What to include and leave out of a prenuptial agreement

By |2022-04-06T15:11:34+00:0031 Jul 2017|Categories: Prenuptial Agreements|


A prenuptial agreement is an insurance policy of sorts. It is a way that you can ensure that you know what you are going to walk away with if your marriage doesn’t work out. This is an important document that you must ensure is fully enforceable.

There are several things that you can’t include in a prenuptial agreement, so make sure that you leave these out. Some of the things to avoid include anything that has to do with child custody or child support. You should also know that waiving alimony payments can’t be included in most prenuptial agreements.

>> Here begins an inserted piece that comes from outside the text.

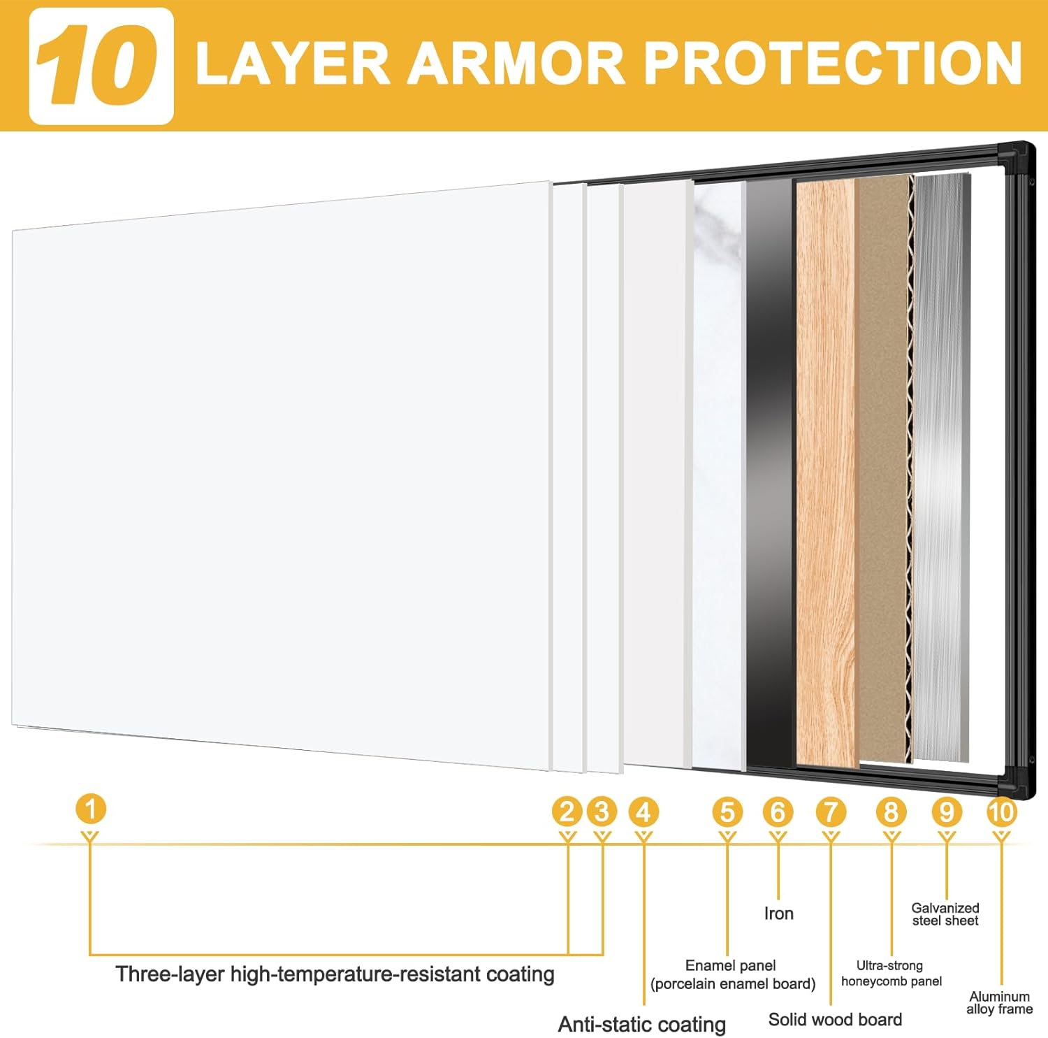 - ✔️ Luxury Belgian Enamel Surface - The 8’x4’ magnetic dry erase board made of imported high-gloss porcelain steel delivers ultra-smooth writing, effortless wiping, and ZERO ghosting even after years of heavy use. Also, This whiteboard is both waterproof and fireproof, and it’s very eco-friendly.

You must ensure that the prenuptial agreement isn’t considered one-sided. The agreement can’t favor one side over the other side or the entire thing might be tossed out when the time comes.

Some of the things that you can include in a prenuptial agreement include stipulations about who will get what assets. You can also cover who will be responsible for what debts, which can be helpful if you or the person you are marrying has debts coming into the marriage.

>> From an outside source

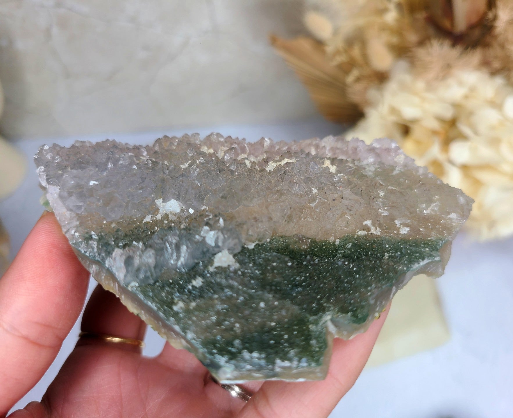 Amethyst is known for its ability to enhance intuition, promote spiritual awareness, and connect you to higher realms. Combined with Zeolite, which amplifies energy, this specimen can deepen your spiritual practices and connection to your higher self.

If you think that you are going to get an inheritance, you can include this in the prenuptial agreement. You can also set up plans for caring for your children that you had going into the marriage.

Ultimately, the prenuptial agreement is something that has to be personalized to your situation. Making sure that you have everything worded properly and that only valid points are included can help to ensure that you have the protection you desired when you created the agreement.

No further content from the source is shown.